あと、入れ替わったら、まず自分のリアルボディがどうなっているのか気にならないか? 自宅に電話してみるとか。いや、夢と思ってる最初の最初から、というのは無理があるにせよ、「どうも入れ替わってるらしいぞ」となったら、それを試しはしないだろうか、とか。とかいうと、赤の他人になってるのに律儀に学校に行ったりするあたり、どうも不自然だ。いや、そういうものだろうか。他人と入れ替わったことないから、よくわからない。ただ、自分が女体になったら、精神があるていど落ち着いたら、「今日は体調が悪いから学校は休む」といって、ひとり布団の中で(中略)したりして過ごすだろう。そういう意味で、最後まで胸に固執した部分に関してはリアルといえよう。そして、この繰り返しネタがこの作品ほぼ唯一の笑いどころであって悪くなかった。

リアルさ、というと、土建屋の息子の彼は結構な重罪だと思うのだが、まあドサクサに紛れてうやむやになったか、政治家が圧力でもみ消したかなんかしたのだろう。もしもラスト付近に出番がなかったら、どっか少年刑務所に行ったんだろうな、と思うしかないだろう。

いずれにせよ、プロジェクトは成功した。なんかこの感じ、ゲーム『シュタインズ・ゲート』や『バルドスカイ』あたり(『バルドハート』の感想書いたっけ?)で、オールオッケーなルートでトゥルーエンディングを見たな、という気分になった。
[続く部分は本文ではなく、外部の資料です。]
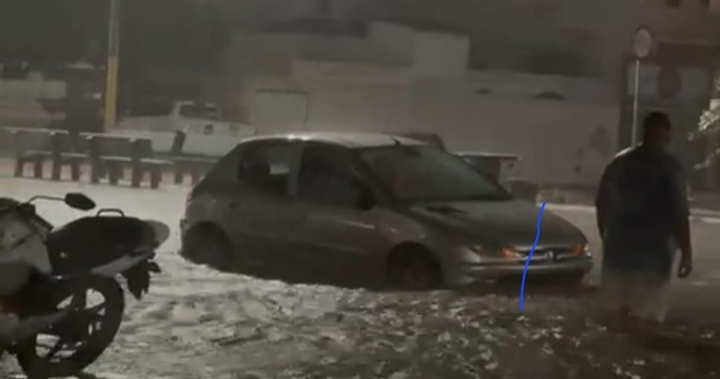 Na Avenida Ruy Barbosa, uma das principais vias de Itaberaba, um veículo ficou preso em meio à enxurrada. A ocupante precisou de ajuda para sair do carro em segurança, em uma cena que chamou a atenção de quem passava pelo local.

なんか、どっかで選択肢を間違っていたら、エンディングは山崎まさよしの「One more time,One more chance」が流れてくるノーマル、もしくはバッドエンド。言うまでもなく『秒速5センチメートル』だが。ああけど、そのエンドも見てみたい。いるはずもないところを主人公がふと見てしまうような。歌詞も、なんとなくストーリーにも合ってるぜ。よし、円盤にはそのルートも収録する、という方向で。いや、そんな方向いらんか。いらんよね。でも、今までの新海誠作品だったらその可能性はあったように思う。どうだろうか? あ、あと、本作もやはり背景は美しいけれど、「狂気の沙汰だ」というくらいには思えなかった。そのぶん人がよく動いていた。比率を調整したのだろうか。以上。